President Donald Trump has played down worries about the weakening U.S. dollar, saying the currency is performing “great” even as markets showed signs of concern.
Asked whether the recent fall in the dollar troubled him, Trump responded dismissively, pointing broadly to U.S. business activity but offering no specific evidence to support his view.
His comments were followed by notable market movements. The euro rose above 1.20 dollars, while gold strengthened sharply against the U.S. currency, reaching an all-time high.
Trump cited China and Japan as examples of countries he has previously accused of pursuing currency devaluation. “I used to fight like hell with them,” he said, referring to what he described as efforts to weaken their currencies.

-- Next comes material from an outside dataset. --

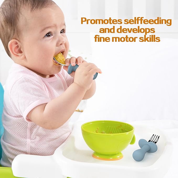- Toddler Utensil Food Grade Material - Forks and Spoons 100% Food Grade Silicone Material and food grade 304 stainless steel, PPA & BPA & PVC Free. Baby can Assured use and eat happily, they’re dishwasher safe, or you can sterilize these utensils for up to 1 minutes in boiling water as well. All parts can be steam or water boiling, microwave & dishwasher safe (time less than 1 minute).

Economists suggest that current exchange-rate shifts reflect contrasting economic conditions and monetary policy choices, rather than deliberate devaluation.
The president has long argued that a weaker dollar can benefit the U.S. economy by supporting exports and encouraging foreign demand. He has also said that an excessively strong dollar could deter tourists and make it harder for American businesses to compete internationally.
However, Trump has acknowledged the trade-off involved, noting that a strong currency can help contain inflation. While a softer dollar may stimulate growth in the short term, analysts warn that sustained weakness can increase the cost of imports, fuel inflation and raise the price of foreign travel for U.S. consumers.